Items listed in a dataset:
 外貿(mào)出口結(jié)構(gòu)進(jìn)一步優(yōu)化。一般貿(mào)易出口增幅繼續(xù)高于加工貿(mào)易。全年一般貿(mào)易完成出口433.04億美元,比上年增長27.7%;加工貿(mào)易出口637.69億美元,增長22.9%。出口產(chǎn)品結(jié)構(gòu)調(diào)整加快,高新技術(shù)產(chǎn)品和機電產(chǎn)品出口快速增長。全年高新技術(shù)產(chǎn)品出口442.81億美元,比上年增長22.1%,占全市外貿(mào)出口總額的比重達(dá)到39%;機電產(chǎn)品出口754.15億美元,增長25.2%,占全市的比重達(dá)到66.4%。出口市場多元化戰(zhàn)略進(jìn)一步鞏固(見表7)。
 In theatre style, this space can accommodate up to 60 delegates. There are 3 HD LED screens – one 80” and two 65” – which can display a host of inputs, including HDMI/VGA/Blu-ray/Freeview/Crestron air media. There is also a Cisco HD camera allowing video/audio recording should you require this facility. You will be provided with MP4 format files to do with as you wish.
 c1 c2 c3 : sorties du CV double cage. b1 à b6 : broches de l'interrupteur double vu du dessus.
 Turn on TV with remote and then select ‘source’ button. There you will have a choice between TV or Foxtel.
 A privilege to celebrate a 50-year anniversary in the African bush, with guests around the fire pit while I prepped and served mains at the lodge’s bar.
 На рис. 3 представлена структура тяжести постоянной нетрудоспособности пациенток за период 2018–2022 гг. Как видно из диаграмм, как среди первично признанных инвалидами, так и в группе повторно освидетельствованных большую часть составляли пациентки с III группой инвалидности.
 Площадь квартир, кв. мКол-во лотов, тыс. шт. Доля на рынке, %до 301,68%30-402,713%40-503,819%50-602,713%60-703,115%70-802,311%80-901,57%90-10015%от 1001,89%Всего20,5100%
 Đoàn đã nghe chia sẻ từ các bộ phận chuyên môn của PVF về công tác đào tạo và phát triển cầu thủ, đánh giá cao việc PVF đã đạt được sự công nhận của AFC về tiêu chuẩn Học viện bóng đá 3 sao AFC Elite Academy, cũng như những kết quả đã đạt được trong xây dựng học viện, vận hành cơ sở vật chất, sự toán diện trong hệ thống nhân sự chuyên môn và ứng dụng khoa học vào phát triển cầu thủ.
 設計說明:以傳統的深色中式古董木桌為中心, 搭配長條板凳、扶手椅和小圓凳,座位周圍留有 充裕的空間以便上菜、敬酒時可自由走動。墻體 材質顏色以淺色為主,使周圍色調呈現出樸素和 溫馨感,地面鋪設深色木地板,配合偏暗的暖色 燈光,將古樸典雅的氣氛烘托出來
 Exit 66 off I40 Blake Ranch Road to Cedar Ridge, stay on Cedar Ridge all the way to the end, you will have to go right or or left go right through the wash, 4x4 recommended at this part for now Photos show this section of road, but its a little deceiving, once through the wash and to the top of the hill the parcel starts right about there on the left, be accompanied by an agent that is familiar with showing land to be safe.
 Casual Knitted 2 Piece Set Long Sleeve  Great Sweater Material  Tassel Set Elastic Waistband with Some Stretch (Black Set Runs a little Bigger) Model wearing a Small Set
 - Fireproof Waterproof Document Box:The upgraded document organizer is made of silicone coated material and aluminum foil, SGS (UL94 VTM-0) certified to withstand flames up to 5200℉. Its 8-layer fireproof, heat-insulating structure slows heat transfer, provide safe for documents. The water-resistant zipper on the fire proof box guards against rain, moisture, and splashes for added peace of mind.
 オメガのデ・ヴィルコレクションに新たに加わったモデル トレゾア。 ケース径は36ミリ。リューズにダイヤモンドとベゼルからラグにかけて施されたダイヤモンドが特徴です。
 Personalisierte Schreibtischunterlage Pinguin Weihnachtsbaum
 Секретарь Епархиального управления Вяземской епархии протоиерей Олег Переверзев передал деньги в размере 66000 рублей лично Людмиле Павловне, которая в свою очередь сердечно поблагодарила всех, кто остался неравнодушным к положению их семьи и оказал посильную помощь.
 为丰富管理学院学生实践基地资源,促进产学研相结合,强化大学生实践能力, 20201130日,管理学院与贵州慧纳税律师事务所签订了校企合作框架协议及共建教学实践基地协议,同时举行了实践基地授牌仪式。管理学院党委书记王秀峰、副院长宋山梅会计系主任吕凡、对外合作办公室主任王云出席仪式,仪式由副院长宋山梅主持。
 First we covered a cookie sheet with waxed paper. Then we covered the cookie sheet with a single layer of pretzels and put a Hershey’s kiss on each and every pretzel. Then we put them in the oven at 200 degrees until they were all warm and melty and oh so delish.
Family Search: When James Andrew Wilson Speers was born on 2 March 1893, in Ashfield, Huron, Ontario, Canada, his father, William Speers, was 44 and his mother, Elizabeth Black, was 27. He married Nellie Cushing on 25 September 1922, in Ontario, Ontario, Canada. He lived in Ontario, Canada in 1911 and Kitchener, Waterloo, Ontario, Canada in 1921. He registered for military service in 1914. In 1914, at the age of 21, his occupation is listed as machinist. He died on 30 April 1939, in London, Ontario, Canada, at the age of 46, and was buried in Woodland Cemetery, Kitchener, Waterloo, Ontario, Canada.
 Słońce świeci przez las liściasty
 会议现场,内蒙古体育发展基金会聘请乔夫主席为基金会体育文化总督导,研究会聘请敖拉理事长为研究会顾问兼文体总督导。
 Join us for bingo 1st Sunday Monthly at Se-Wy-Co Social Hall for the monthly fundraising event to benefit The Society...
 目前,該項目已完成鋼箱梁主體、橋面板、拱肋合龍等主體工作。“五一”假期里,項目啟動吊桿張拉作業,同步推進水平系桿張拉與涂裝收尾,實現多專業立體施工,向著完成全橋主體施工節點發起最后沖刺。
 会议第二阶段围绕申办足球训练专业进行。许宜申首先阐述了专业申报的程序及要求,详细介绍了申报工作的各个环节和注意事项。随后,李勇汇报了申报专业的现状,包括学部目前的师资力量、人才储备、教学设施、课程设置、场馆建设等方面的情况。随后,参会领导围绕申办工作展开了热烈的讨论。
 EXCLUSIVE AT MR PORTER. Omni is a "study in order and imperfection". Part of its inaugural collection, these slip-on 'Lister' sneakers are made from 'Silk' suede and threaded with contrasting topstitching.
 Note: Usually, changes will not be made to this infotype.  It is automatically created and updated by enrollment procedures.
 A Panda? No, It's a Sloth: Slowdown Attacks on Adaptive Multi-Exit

TASK REQUIREMENTS:
Pull out all lines from the entries above that include the word "have".

WRITTEN RESPONSE:
 Turn on TV with remote and then select ‘source’ button. There you will have a choice between TV or Foxtel.
 Exit 66 off I40 Blake Ranch Road to Cedar Ridge, stay on Cedar Ridge all the way to the end, you will have to go right or or left go right through the wash, 4x4 recommended at this part for now Photos show this section of road, but its a little deceiving, once through the wash and to the top of the hill the parcel starts right about there on the left, be accompanied by an agent that is familiar with showing land to be safe.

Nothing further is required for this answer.